What does a streak length of 1 mean, i.e. how many hits and misses are in a streak of 1? What about a streak length of 0?
- A streak length of 1 –> 1 hit and 1 miss.
- A streak of length 0 –> 0 hit and 1 miss.
Describe the distribution of Kobe’s streak lengths from the 2009 NBA finals. What was his typical streak length? How long was his longest streak of baskets?
As you can see in the summary below, Kobe’s mean streak is 0.7632 with a max streak of 4. And the barplot shows that his most frequent streak is 0, followed by 1. His highest streak for this game is 4, which happened once.
kobe_streak <- calc_streak(kobe$basket)
summary(kobe_streak)
## Min. 1st Qu. Median Mean 3rd Qu. Max.
## 0.0000 0.0000 0.0000 0.7632 1.0000 4.0000
table(kobe_streak)
## kobe_streak
## 0 1 2 3 4
## 39 24 6 6 1
barplot(table(kobe_streak))
In your simulation of flipping the unfair coin 100 times, how many flips came up heads?
In one of my simuation, I got 17 heads and 83 tails. I also got exactly 20 heads and 80 tails.
outcomes <- c("heads", "tails")
sim_unfair_coin <- sample(outcomes, size = 100, replace = TRUE, prob = c(0.2, 0.8))
table(sim_unfair_coin)
## sim_unfair_coin
## heads tails
## 17 83
What change needs to be made to the sample function so that it reflects a shooting percentage of 45%? Make this adjustment, then run a simulation to sample 133 shots. Assign the output of this simulation to a new object called sim_basket.
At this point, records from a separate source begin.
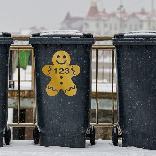 Gingerbread Man Wheelie Bin Sticker - Personalised Sticker Custom Number House Number Christmas-Themed Bin Decal, Seasonal Home Decor
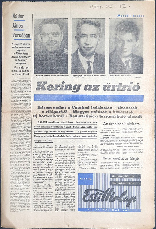 [Folyóirat] ,,Kering az űrtrió. Három ember a Voszhod fedélzetén. Üzenetek a világűrből" Az Esti Hírlap politikai napilap lapszáma a Voszhod-1 űrhajó, az első szovjet többszemélyes űrhajó útjáról, a hetedik szovjet űrrepülésről. (IX. évfolyam, 240. szám, 1964. október 12.) Budapest, 1964. Szikra Lapnyomda. [4] p. Folio. A második világháborút követően jelentős fegyverkezési verseny kezdődött az Egyesült Államok és a Szovjetunió között. Ennek a versengésnek az eredménye a nyugati világot sokkoló Szputnyik-1 műhold fellövése 1957 októberében, melyet a szovjet hírközlés nagy diadallal jelentett be. Újabb diadalnak számított szovjet oldalon - és a nyugati szorongás újabb epizódját szolgáltatta - az első űrrepülések sora, melyeket szovjet űrhajósok hajtottak végre: a Vosztok-1 űrhajó fedélzetén Jurij Gagarin 1961. április 12-én tett meg egy teljes fordulatot a Föld körül, majd 1961 augusztusában German Tyitov őrnagy is útnak indult a Vosztok-2 űrhajón, 17 teljes Föld-fordulatot megtéve. A harmadik (és negyedik) űrrepülésre még merészebb tervet tűzött ki a szovjet vezetés: több napon át tartó keringést, mégpedig két szovjet űrhajó, a Vosztok-3 és Vosztok-4 együttes részvételével. Az 1962 augusztusában lezajlott űrrepülés 4, illetve 3 napig tartott, rádióüzenetek és egy igen rövid televíziós közvetítés is érkezett a földi irányítóközpontba. 1963 júniusában a Vosztok-5 és a Vosztok-6 tartott több napos közös repülést. Bár a szovjet űrhajózás az addigi hat úttal számos tájékozódási, vezérlési, kommunikációs és egészségügyi kérdésre választ kapott, továbbra is megoldatlan maradt a többszemélyes űrutazás kérdése. Minthogy az amerikai űrprogram erősen beharangozta, hogy jövendőbeli Gemini-programjában többszemélyes űrutazást tervez, az amerikai elsőséget megakadályozandó Hruscsov első titkár parancsba adta, hogy még 1964 folyamán szovjet színekben végre kell hajtani az első többszemélyes űrutazást. A konstruktőröknek nem maradt ideje egy teljesen új űrhajó létrehozására, így a Vosztok-modellek áttervezése mellett döntöttek, és nem is két, hanem három embert, köztük két civilt kívántak feljuttatni az űrbe. Az űrhajó rendkívül szűk helynek bizonyult a három fős legénység számára, biztonsági megfontolásokat elvetve pedig - először az űrutazások történetében - szkafandert sem viseltek az űrhajósok és későbbi visszaemlékezések szerint az étkezés és az űrpelenka használata is komoly nehézségekbe ütközött az utazás során. Mind e nehézségekről azonban semmit nem említ az egykori diadalittas beszámoló, az Esti Hírlap délutáni napilap azon száma, amely az űrutazás megkezdésének napján jelent meg. A Voszhod-1 űrhajó 1964. október 12-én indult egynapos útjára, fedélzetén Vlagyimir Komarov parancsnokkal, Konsztantyin Feoktyiszov mérnökkel és Borisz Jegorov orvossal. Lapszámunk beszámol az első űrbeli, szakszerű orvosi vizsgálat megtörténtéről, portrét ad a három űrhajósról, közli nyilatkozataik hivatalos, a szovjet hírügynökség által jóváhagyott verzióját, és azzal a feltételezéssel él, hogy a Voszhod-1 akár 10-12 napig is keringhet az űrben. A valóság lapunk állításaira rácáfolt, a fölöttébb kényelmetlen utazás már másnap - feltehetően résztvevőik több értelmű megkönnyebbülésére - összesen 1 nap 17 perc keringés után véget ért; az űrutazás során az űrhajó 16 alkalommal kerülte meg a Földet. Jó állapotú lapszám.
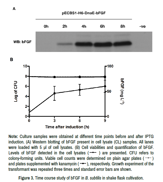 Bacillus subtilis (B. subtilis) is a gram-positive bacterium which is regarded as Generally Recognized As Safe (GRAS) by FDA, as it is free of endotoxins [11]. Despite the expression levels of recombinant heterologous proteins are lower in comparison to E. coli [12], B. subtilis leads to relatively stable expression and the final products are safe to use. In this study, we aimed to exploit intein from DNA polymerase III unit of Anabaena species (Asp DnaE), with the 6x His tag on N-terminus in order to facilitate the intracellular expression of bFGF in B. subtilis. Surprisingly, bFGF was shown to be auto-cleavable during expression. Plasmid stability and cell viability remain maintained in high levels during shake flask cultivation and when the expression is scale-up to 4 L fermentation, no significant changed was found in both parameters while giving a great improvement of yield of bFGF, 113 mgL−1. The study may provide a new option in production of bFGF and for others heterologous proteins by utilizing intracellular intein-mediated approach in Bacillus subtilis.
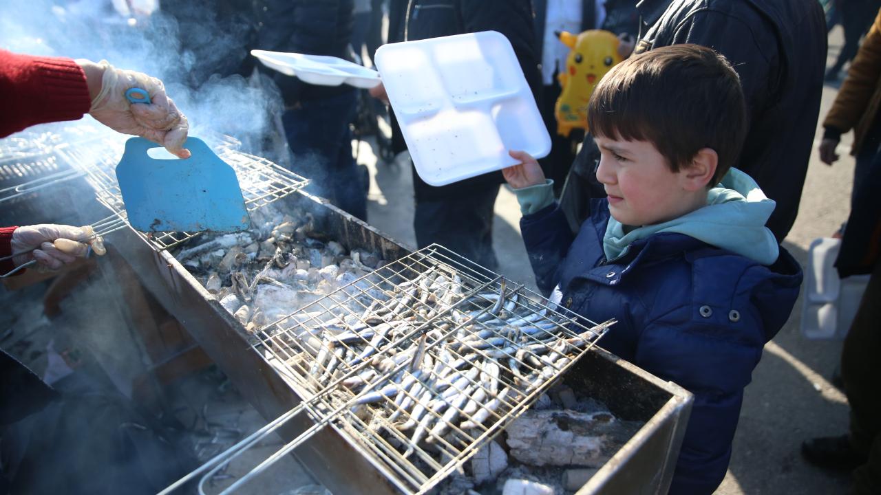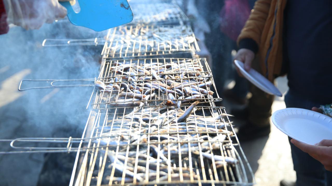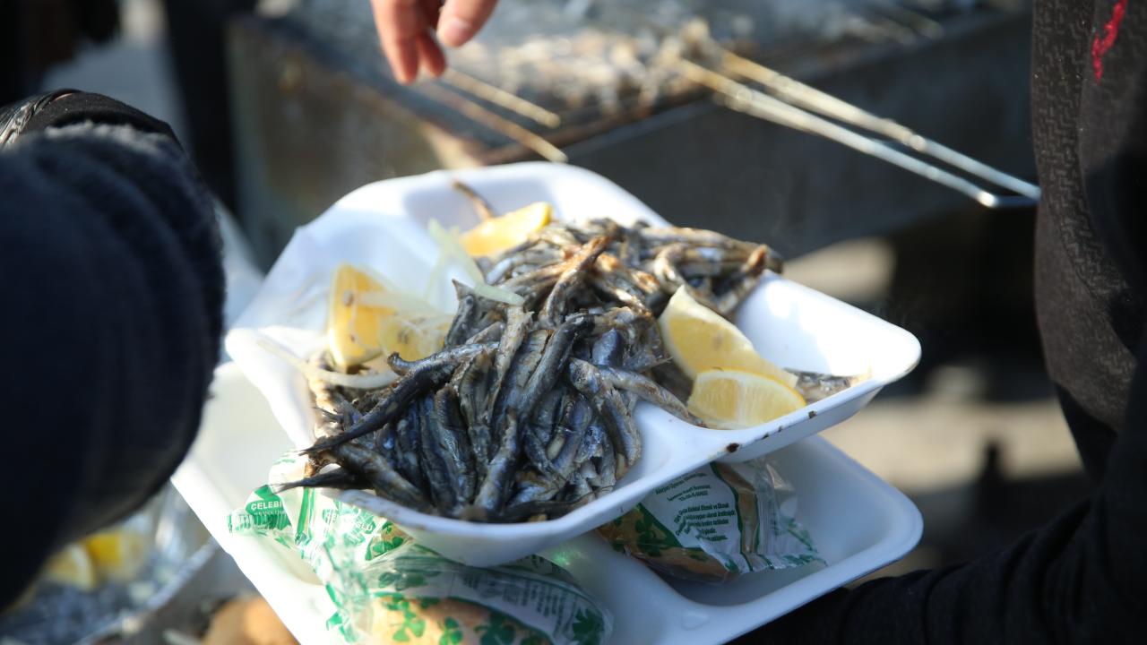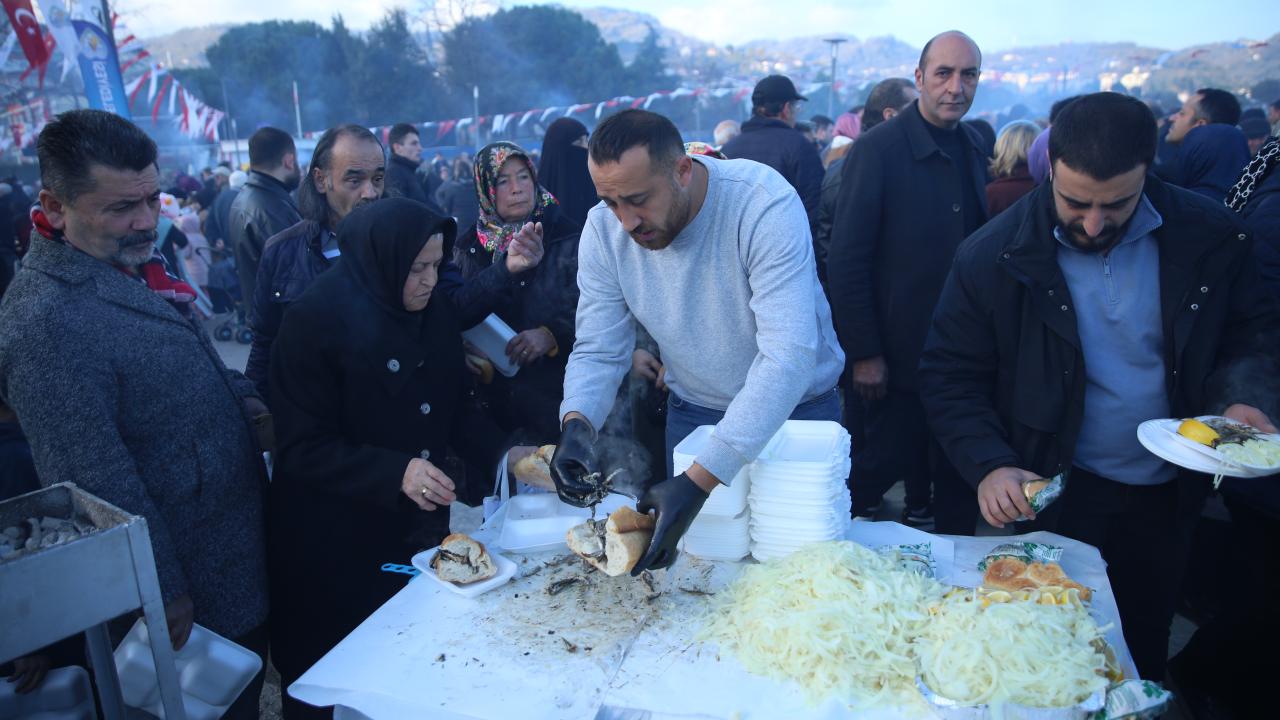 İlçe sahilindeki alanda kurulan ızgaralarda pişirilen 10 ton hamsi, katılımcılara dağıtıldı.
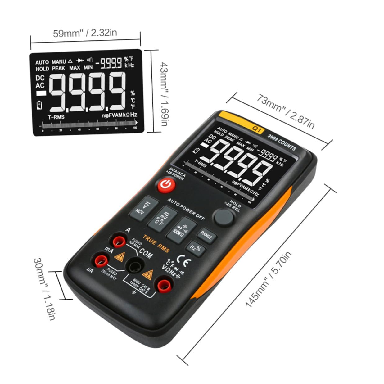 Package List 1 x Multimeter Characteristics - DC current: 9.999μA(0.001μA)/999.9μA(0.1μA)±(0.8%+3), 999.9mA(0.1mA)/9.999A(0.001A)±(1.0%+3) ampere measurement - current(40Hz-1kHz): 9.999μA(0.001μA)/999.9μA(0.1μA)±(1.0%+3), 999.9mA(0.1mA)/9.999A(0.001A)±(1.2%+3) voltmeter - voltage(40Hz-1kHz): 9.999mV(0.001mV)/99.99mV(0.01mV)/999.9mV(0.1mV)/9.999V(0.001V)/99.99V(0.01V)/750V(0.1V)±(1.0%+3) digital multi meter - Frequency: 99.99Hz(0.01Hz)/999.9Hz(0.1Hz)/9.999kHz(0.001kHz)/99.99kHz(0.01kHz)/999.9kHz(0.1kHz)/5.000MHz(0.001MHz)±(0.1%+2) resistance measurement - Display: 9999 Counts -Product Info:Digital multimeter - Capacitance: 9.999nF(0.001nF)±(5.0%+20), 99.99nF(0.01nF)/999.9nF(0.1nF)/9.999μF(0.001μF)/99.99μF(0.01μF)/999.9μF(0.1μF)±(2.0%+5), 9.999mF(0.001mF)±(5.0%+5) - Size: 14.5x7.3x3cm - Support: Diode Testing, NCV, , Continuity Testing, backlight, Indication data hold and auto . - Material: ABS and TPE - DC voltage: 9.999mV(0.001mV)/99.99mV(0.01mV)/999.9mV(0.1mV)/9.999V(0.001V)/99.99V(0.01V)/999.9V(0.1V)±(0.5%+3) - Color: Orange - Temperature: (-20~1000)℃(1℃)/(-4~1832)℉(1℉)±(2.5%+5)Goods Descriptionvoltmeter This meter is a stable, safe and reliable multimeter.resistance measurement It's a portable and tool for users.voltage measurement It support Diode Testing, NCV, , Continuity Testing, backlight, Indication data hold and auto .digital multi meter The meter measures voltage, current, capacitance, frequency, temperature and resistance
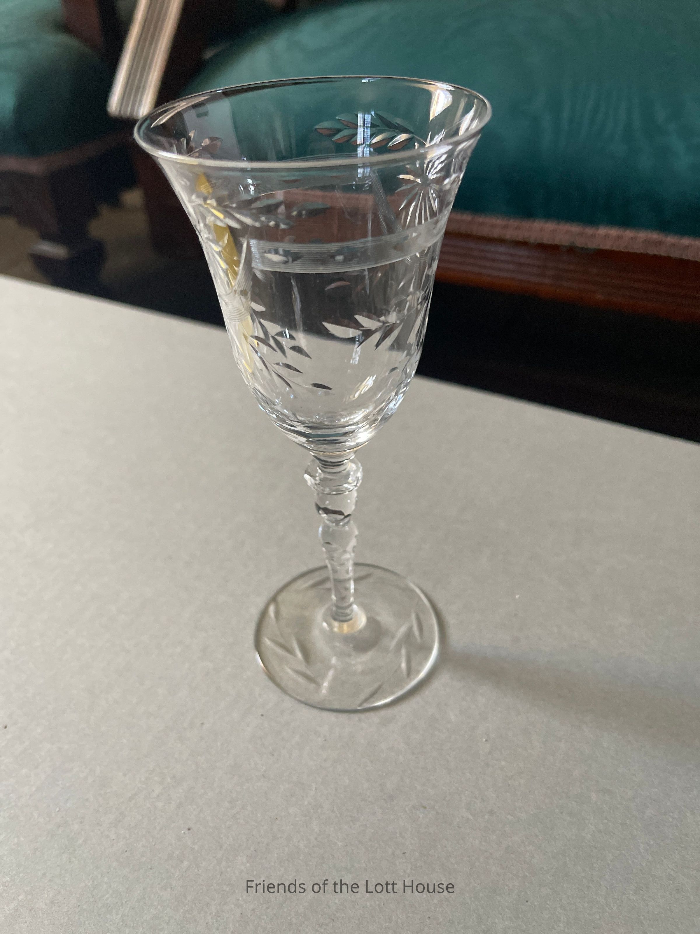 Wine glass, embossed with floral pattern
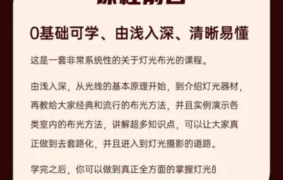 由浅入深,从光线的基本原理开始,到介绍灯光器材,
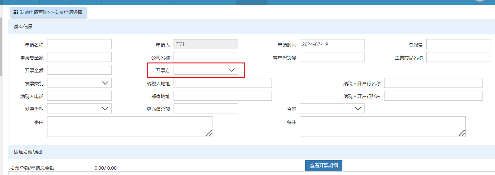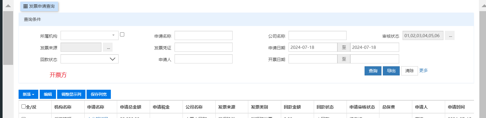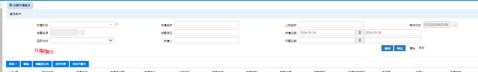 3.在发票申请查询页面-添加开票方,便于查询。如图四所示

a prob argument needs to be specified with a probability of 45% for hits.
outcomes <- c("H", "M")
sim_basket <- sample(outcomes, size = 133, replace = TRUE, prob = c(0.45, 0.55))
table(sim_basket)
## sim_basket
## H M
## 62 71
table(kobe$basket)
##
## H M
## 58 75
sim_streak <- calc_streak(sim_basket)
head(sim_streak)
## [1] 0 2 1 1 2 1
I ran the simulation several times just to get a feel for the simulated streak I would see. Below is a list of mean streak length and max streak length I observed. Based on these observations, the mean streak length for this simulation is around 0.81. Kobe’s mean streak length is 0.7632. I do see similar mean streak lengths in the simulated dataset. Kobe’s max is 4, while the average max in the simulation is 6. These are only 8 sets of simulations.
- Mean streak length: 0.8108, 0.942, 0.8611, 0.7632, 0.8356, 0.5952, 0.7179, 0.8108, 0.942
- Max: 6, 6, 8, 4, 7, 6, 4, 8
sim_basket <- sample(outcomes, size = 133, replace = TRUE, prob = c(0.45, 0.55))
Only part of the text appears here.